I think that, instead of depriving employees like those of the RCMP of their vested rights, the government should set an example for the provinces in the area of labour relations.
It is a disgrace, for instance, that the federal minimum wage is lower that the provincial rates. It is unacceptable that the federal occupational safety and health legislation is not on a par with provincial legislation like Quebec's. Government should be an example to the private sector, and this is certainly not the case at present. Instead, the government is attacking vested rights of workers, in this particular case the rights of RCMP workers.
Take this other important right: the right to precautionary cessation of work for pregnant workers. This is not a right that federal public service employees enjoy, while it is already provided for in Quebec's legislation respecting occupational health and safety. A pregnant employee who works in conditions hazardous to herself or to her unborn child should be either reassigned or allowed to go on leave for the remainder of her pregnancy.
So far, the federal government has refused to bring down anti-strikebreaking legislation. Quebec and British Columbia both have such legislation. Ontario's legislation was just repealed, but the fact remains that this kind of legislation improves labour relations and helps create a social climate conducive to economic development.
I find that democracy has progressed in our society, but not in the workplace, in businesses and in corporations, where labour relations in certain areas are still dictated in an authoritarian way, as in the case of the RCMP. The commissioner of the RCMP has unlimited rights, while the members of this police force have very limited rights.

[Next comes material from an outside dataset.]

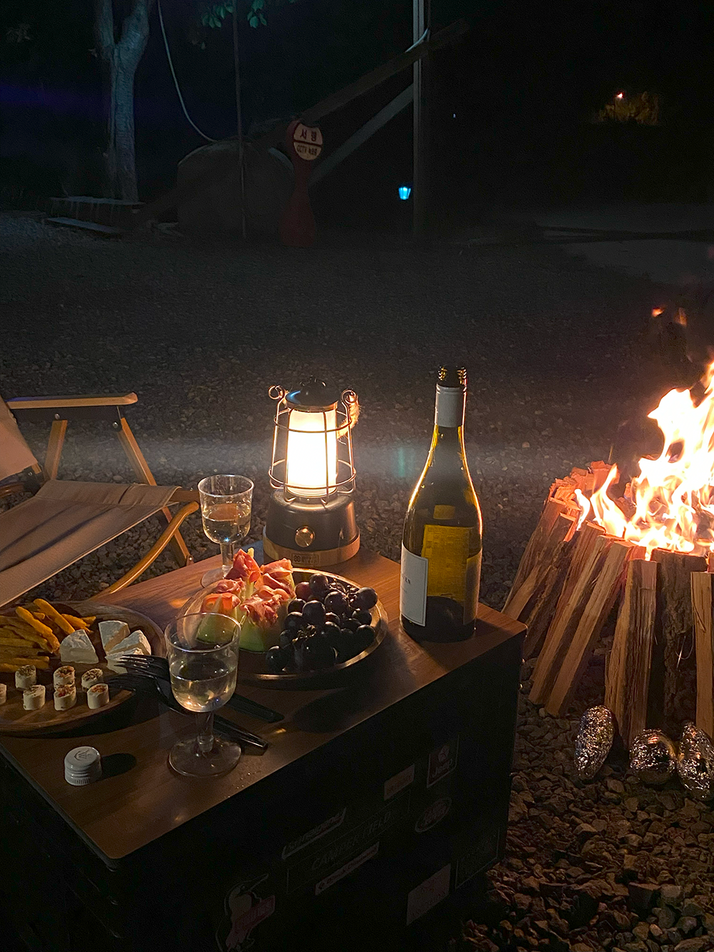- 저녁을 먹고 나면 캠핑의 꽃, 캠핑의 피날레 불멍 타임입니다! 화로 주위로 둘러앉아 불멍을 하며 도란도란 얘기하는 이 시간이 너무 좋아서 캠핑을 계속하게 되는 것 같아요.

This government has not done very much to improve the working conditions and life of workers in Canada and in Quebec. On the contrary, when faced with a legitimate strike of rail workers, it thought it wise to bring in back-to-work legislation in this sector, instead of allowing collective bargaining to operate.
The Liberals' labour relations record is very poor. They have demonstrated a favourable bias for big business, but have not shown much concern for the average worker. Instead of helping workers, there are ministers, including the Minister of Human Resources Development, who attack the Canadian Labour Congress and who have made disparaging remarks about its president, Robert White, as well as myself, but for different reasons.
This government claims to occupy the centre, but we can see that it is moving with ever increasing speed to the right, the former Liberal or neo-Conservative right, and that it has done nothing for the working class as a whole, for the workers of Canada and of Quebec.
Last Saturday, a women's march ended its journey here in Ottawa. These women had very legitimate concerns. For example, they were calling for a job creation program designed specifically for women. They were also calling for increases in the minimum wage, day care funding, and grants for women's shelters. All the government comes up with is "niet", there is no money. That is
really a shame because I think the patience of Canadians and Quebecers is running out.
What will it take for the government to act? Does it want a revolt? Does it want people to come and demonstrate daily in order to be granted their legitimate rights, rights which are recognized in other democracies, particularly in Europe? Here, they are destroying the social safety net, eliminating social programs. Where is Canadian society headed with this Liberal government?
My time is nearly up and I will conclude by saying that I am very vigorously opposed to Bill C-30.
Colleagues, I am asking to resume debate. I just want to make sure we understand clearly that we are on report stage of Bill C-30.